Лора Кёртис провалилась в мир иной, в фальшивый мир, сотворенный не без ее участия.
«Мисс Пурпур, в спальне, пестиком для льда».
— Добрый вечер, мэм.
107
Брат-фармазон наклонился так близко, что Ннамди чуял каждый выдох, приторную вонь липкой крови в легких.
— Рыбу острогой забивал? — спросил Иронси-Эгобия.
— Конечно, брат. Я ж из Дельты, мы с малолетства рыбу забиваем.
— Да уж. Здесь то же самое. Раз-два, в жабры, рвануть посильнее, пускай течет. Раз-два — и что ни захочешь, все твое.
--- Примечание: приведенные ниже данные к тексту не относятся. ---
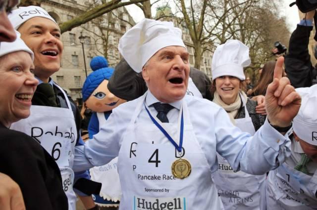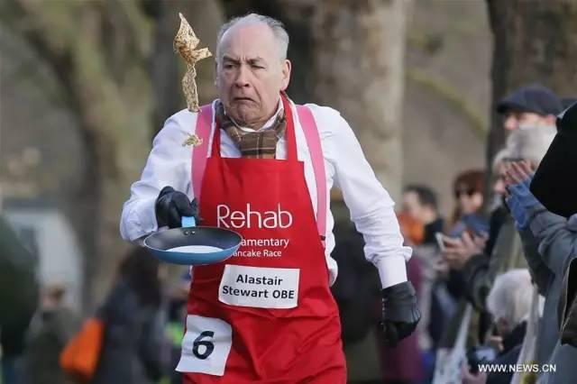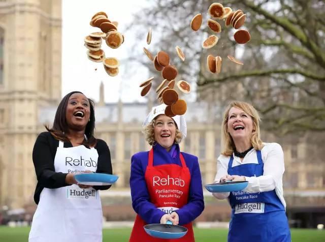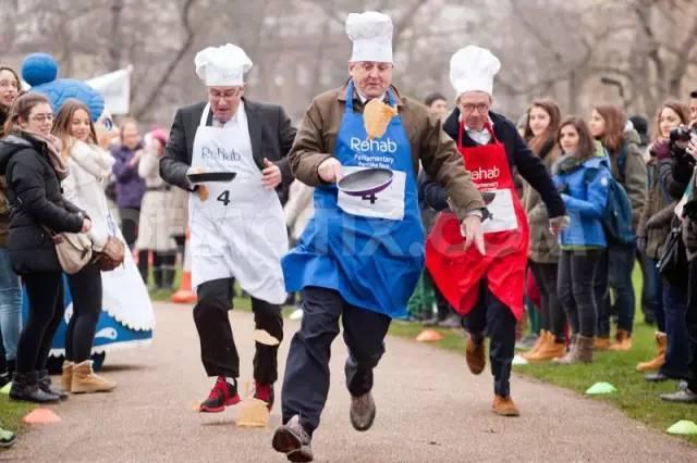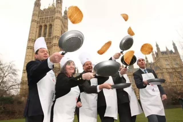 每到2月或3月的煎饼日这一天,英国各地都会举行煎饼赛跑比赛,连一向严肃(?)的议会都会加入。

Ларек на рынке, инструменты, будущее твоего ребенка. А за это с тебя только одно: раз-два и пошел.
«Все, что нам нужно». Ннамди кинул камушки, попросил наставлений, но ответа не получил. Он совсем один.
И эта ойибо тоже.
108
Лора — в горле пересохло. От голоса остался шепот:
— Это из-за денег?
Улыбка погрустнела.
— Всегда из-за денег, мэм.
Юноша, похоже, примирился с тем, что сейчас произойдет. Давно сидит в темноте, нервозность, страхи — все рассеялось. Осталось одно: он, она и то, что необходимо сделать.
Лора заговорила, голос дрогнул:
— Вас Уинстон прислал?
Он вроде удивился:
— Какой Уинстон?
— Мой… деловой партнер.
— Нет, я здесь не поэтому. Прошу вас, мэм. — Он указал на кресло. — Я хочу рассказать вам сказку.
109
Пальмовое вино, лунный свет. Сонные дети и сказка внутри другой сказки, длинной.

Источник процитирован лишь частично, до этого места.